Automating Documentation for Pulmonology Biologics and DME

Klivira's platform is designed to address the specific documentation demands of pulmonology prior authorizations. For asthma biologics, our system automates the collection of critical data points such as eosinophil counts, prior controller therapy at maximum dose, and exacerbation history, aligning with guidelines from bodies like GINA, GOLD, and ATS. This proactive approach helps mitigate common denial reasons, including unmet step-therapy requirements or eosinophil-count thresholds.

Klivira's Integration with Specialty Benefit Managers

Klivira offers robust integration capabilities with various payer channels, including specialty benefit managers like AIM Specialty Health. By leveraging EMR integration points, our platform extracts necessary clinical data, populates authorization requests, and submits them through the appropriate payer portals or electronic prior authorization (ePA) channels. This reduces manual data entry and ensures that all required clinical documentation, from diagnostic results to treatment plans, is accurately transmitted.

Enhancing Workflow Efficiency and Approval Rates

Our solution incorporates GINA/GOLD/ATS-aware step-therapy logic and automates eosinophil-count documentation to streamline the asthma biologic prior authorization and re-authorization workflow. By proactively identifying and addressing common denial factors, Klivira helps pulmonology practices achieve higher approval rates and improve turnaround times, ultimately enhancing patient access to vital treatments and reducing administrative burden on PA coordinators.

Frequently asked questions

What specific pulmonology services commonly require prior authorization through AIM Specialty Health?

For pulmonology, services commonly requiring AIM Specialty Health review often include high-cost asthma biologics (such as Dupixent or Nucala), home oxygen, BiPAP/CPAP equipment, and advanced pulmonary function testing. Certain antifibrotic therapies for conditions like Idiopathic Pulmonary Fibrosis may also fall under their purview.

How does Klivira handle the detailed documentation requirements for asthma biologics?

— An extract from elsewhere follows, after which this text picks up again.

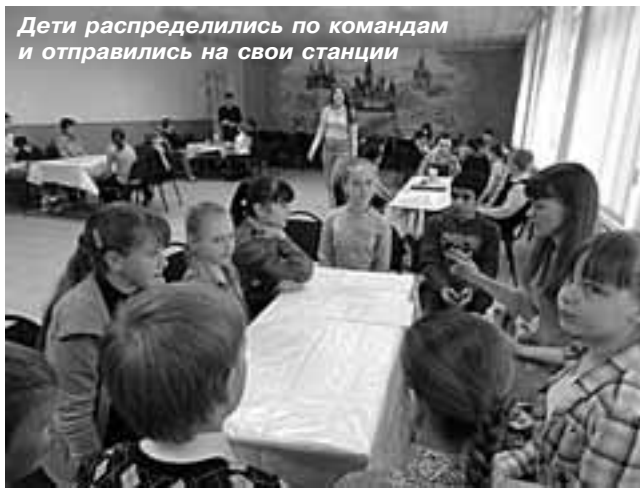
Дети распределились по командам и отправились на свои станции

большинство людей знает основные правила этикета и следует им. Для этого изучение основ этикета лучше начинать с детства, используя доступную и увлекательную форму подачи материала. Нам представляется, что лучшим решением этой проблемы будет обучающая игра для школьников по правилам этикета. Обычно дети делятся всем новым и интересным со своими родителями, поэтому их внимание также будет привлечено к проблемам этикета.

Klivira automates the collection and submission of critical documentation for asthma biologics, including eosinophil counts, confirmation of prior controller therapy at maximum dose, and exacerbation history. Our system is configured with logic informed by clinical guidelines such as GINA, GOLD, and ATS to ensure all necessary criteria are met.

Can Klivira integrate with our existing EMR to pull pulmonology patient data for PAs?

Yes, Klivira is designed for seamless integration with major EMR systems. This allows our platform to automatically extract relevant clinical data, such as diagnostic results, medication history, and physician notes, directly from the patient chart to populate prior authorization requests for submission to AIM Specialty Health and other payers.

What are common reasons for pulmonology prior authorization denials when dealing with specialty benefit managers?

Common denial reasons in pulmonology, particularly with specialty benefit managers, include failure to meet step-therapy requirements for asthma biologics, eosinophil-count thresholds not being met for IL-5-targeting biologics, or insufficient evidence of conservative therapy for conditions like IPF. Klivira helps proactively address these issues.

How does Klivira help improve turnaround times for pulmonology PAs submitted to AIM Specialty Health?

Klivira improves turnaround times by automating data extraction, ensuring complete and accurate submission of documentation aligned with payer and clinical guidelines, and facilitating electronic submission where available. This reduces manual processing delays and the need for resubmissions due to incomplete information.